Inicjatywa została uroczyście zainaugurowana w niedzielę, w Parku Etnograficznym w Tokarni. Teraz rozpocznie się praca w zespołach, która pozwoli określić szczegóły inicjatywy.
– Chcemy zapełniać treścią sam pomysł. Będziemy to robić przy współpracy ze stowarzyszeniami, a także krajami wspierającymi inicjatywę, takimi jak Węgry, Mołdawia czy Rumunia, które są zaawansowane w działania na rzecz społeczności lokalnej.
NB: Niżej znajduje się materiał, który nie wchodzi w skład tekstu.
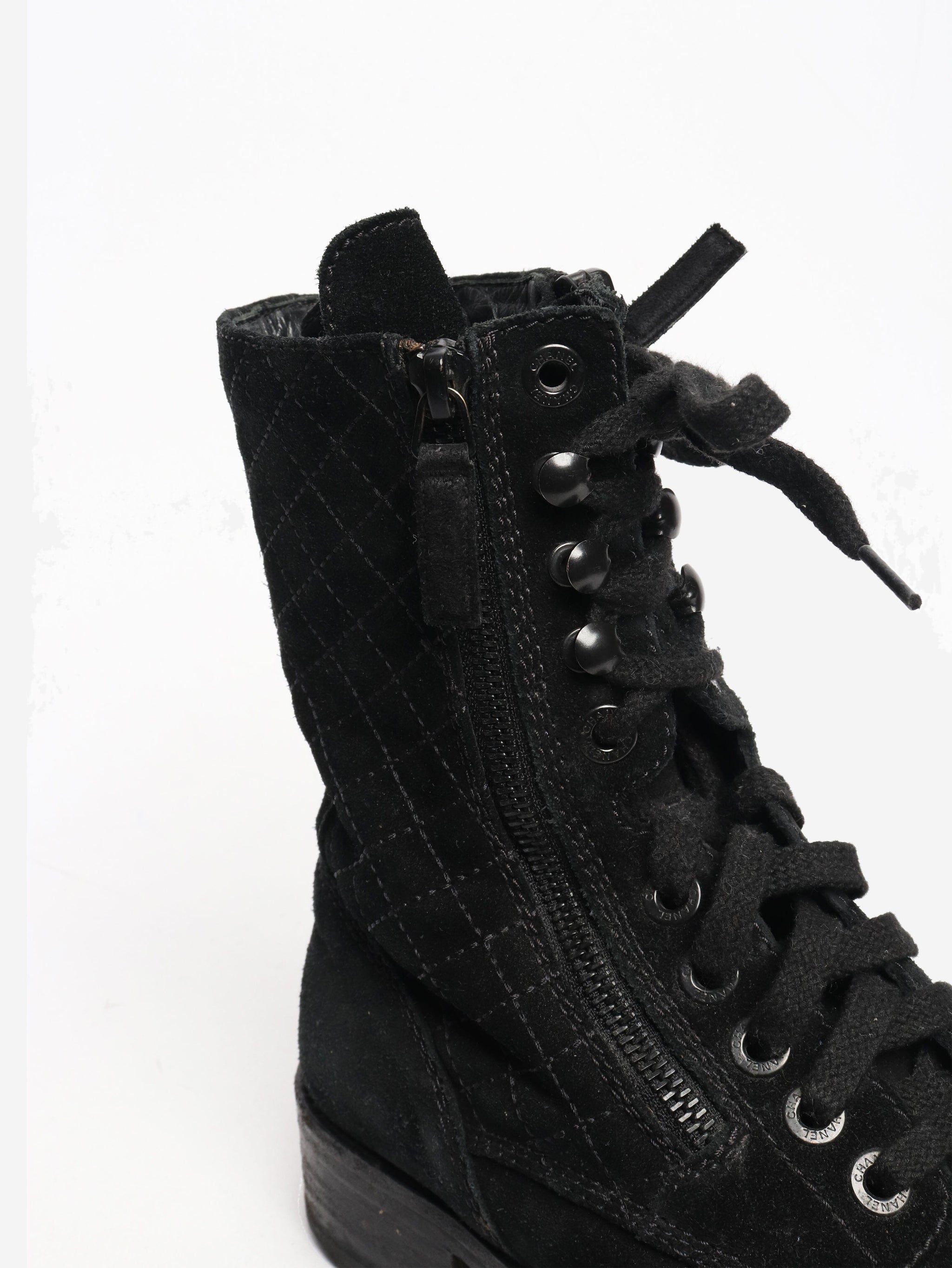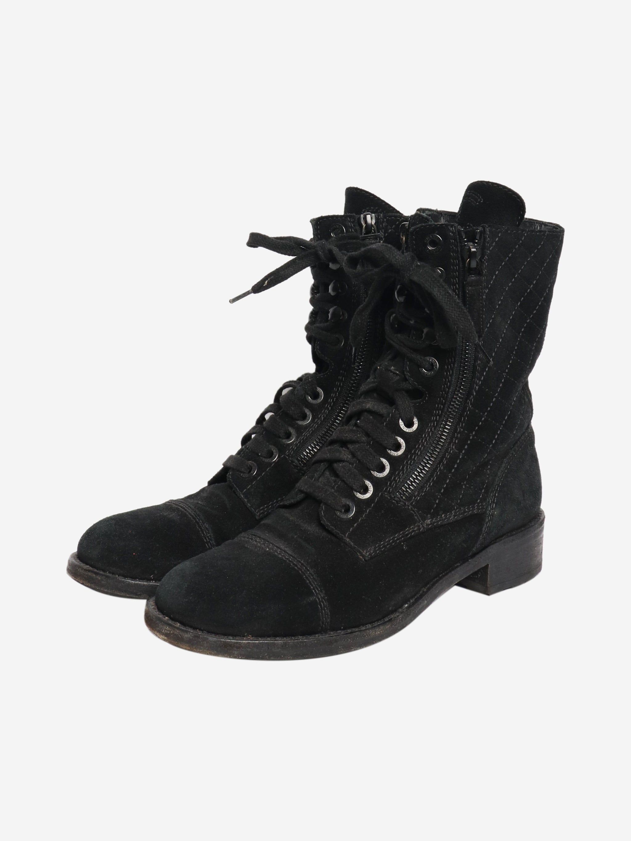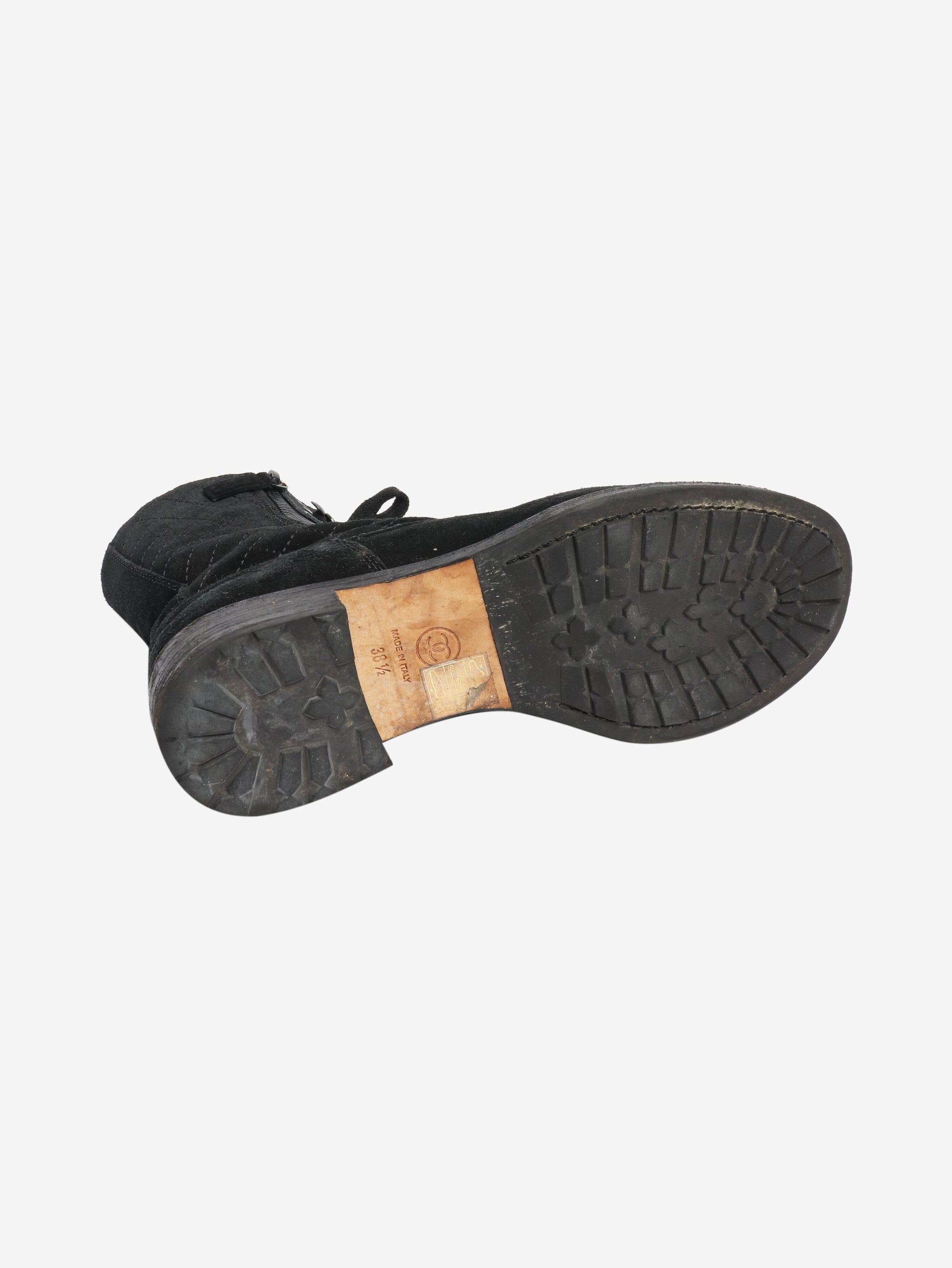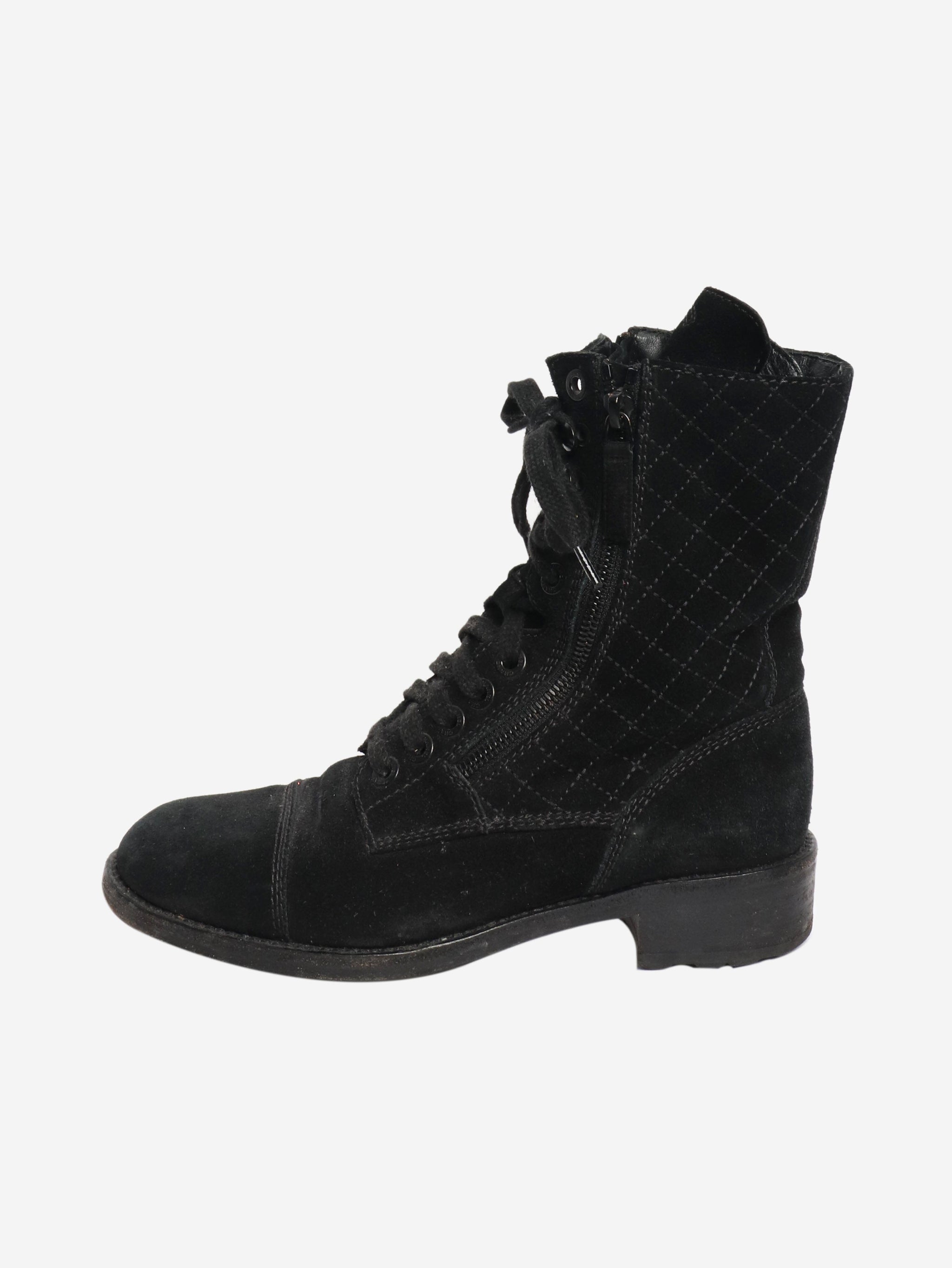 Black suede quilted combat boots - size EU 38.5 (UK 5.5)

Chcemy stwarzać możliwości współpracy, by aktywizować te środowiska lokalne, pomagać szukać programów i szkolić, jak aplikować o pieniądze, które są na tego typu działania – wyjaśnia poseł Marek Kwitek z Prawa i Sprawiedliwości.
W dużej mierze uniwersytet będzie zapewniał wsparcie merytoryczne.
O nowym przedsięwzięciu poinformował wicemarszałek sejmu, Ryszard Terlecki. Określił jego najważniejsze cele.
– Chcemy, żeby ta inicjatywa miała dwa wymiary: jeden rozwijający poczucie tożsamości oraz kulturę wsi i małych miast. Po drugie, żeby inicjować różne działania o charakterze społecznym, gospodarczym, a także politycznym, przy okazji rozszerzając zakres naszych kontaktów – tłumaczył.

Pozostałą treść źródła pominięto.